Illinois Liberty PAC v. Madigan et al.

Everyone who wants to participate in the political process in Illinois should be treated equally. That’s the issue in Illinois Liberty PAC v. Madigan et al.

On May 10, The Liberty Justice Center filed an amended complaint in Illinois Liberty PAC et. al. v. Madigan et al., 12 C 5811, which currently is pending in the Federal District court in Chicago. This case challenges Illinois campaign finance law, the Illinois Disclosure and Regulation of Campaign Contributions and Expenditures Act, on First Amendment grounds. This case was originally filed last summer as an emergency action to be heard before the November 2012 election. While we did not prevail on our motion for preliminary injunction, this case now proceeds for consideration on the merits in the district court.

Illinois’ campaign finance law imposes a series of limits on the contributions individuals, political action committees and others can make to candidates for state elected office. The law also contains some limits on what a political party can contribute to candidates, but these limits only apply in primary elections and are substantially higher than the limits placed on individuals and other speakers. Though enacted under the guise of fighting corruption in Illinois politics, Illinois’ campaign finance law actually creates structures that enhance the potential for corruption.

The amended complaint highlights the following:

   The Act empowers the legislative leaders of the Illinois General Assembly to create “legislative caucus committees,” which essentially are personalized political action committees exempt from nearly all the law’s contribution limits. These committees are unique to Illinois, with nothing like them found in other state statutes.  The amended complaint includes the expert analysis by Dr. Marcus Osborn, who also served as the expert on the prevailing side in the Supreme Court case that struck down Arizona’s unconstitutional campaign finance statute. Osborn observed that legislative caucus committees actually amplify the appearance and risk of corruption because of the “lack of general election contribution limits on Legislative Caucus Committees and the contribution restrictions that are placed on potentially countervailing political action committees … and individuals,” such as the plaintiffs in this case.
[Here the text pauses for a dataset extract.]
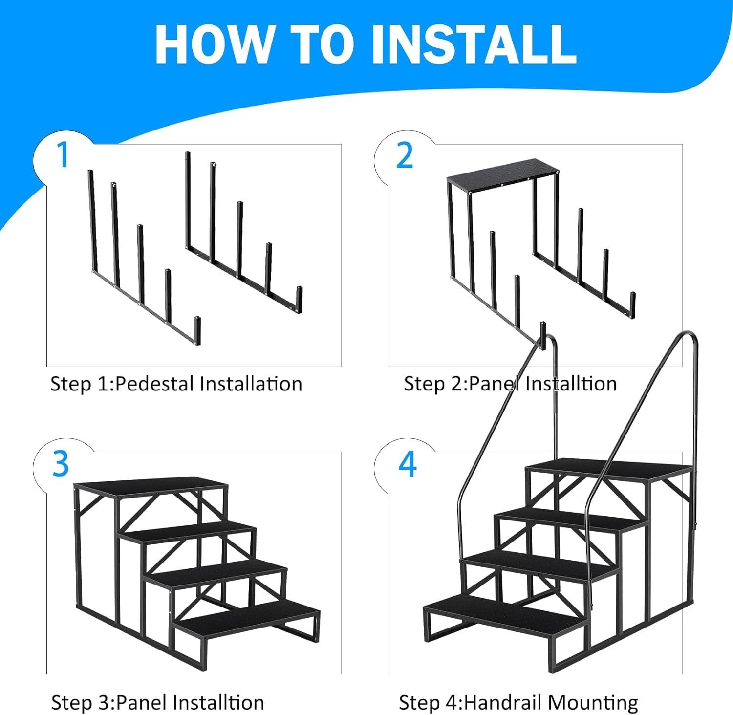 - 【Detachable Porch Steps】Our spa steps with a detachable design, which is easy to store when not in use. Mobile home steps are better options for people with Parkinson's disease, balance issues, poor knee support, disability, and the use of walking sticks. If you have any problems with our steps, contact us without any hesitation

Osborn also added that this special privilege accorded the General Assembly top leaders is a form of “self-protection that is likely to result in a consolidation of power, not a robust electoral environment.”

–    The lawsuit also calls into question the campaign finance law’s purported anticorruption purpose because of the temporal nature of the limits. Specifically, the law eliminates all contribution limits in a race if a self-financed candidate spends or an independent expenditure exceeds more than $250,000 for a statewide race or more than $100,000 for any other elective office, but does not do so when party or legislative caucus money exceeds these same limits. The temporal nature of the limits and the fact that party and legislative caucus contributions do not trigger the elimination of the limits shows that the limits themselves only serve as a means for the state to control who gets to speak, how much and when.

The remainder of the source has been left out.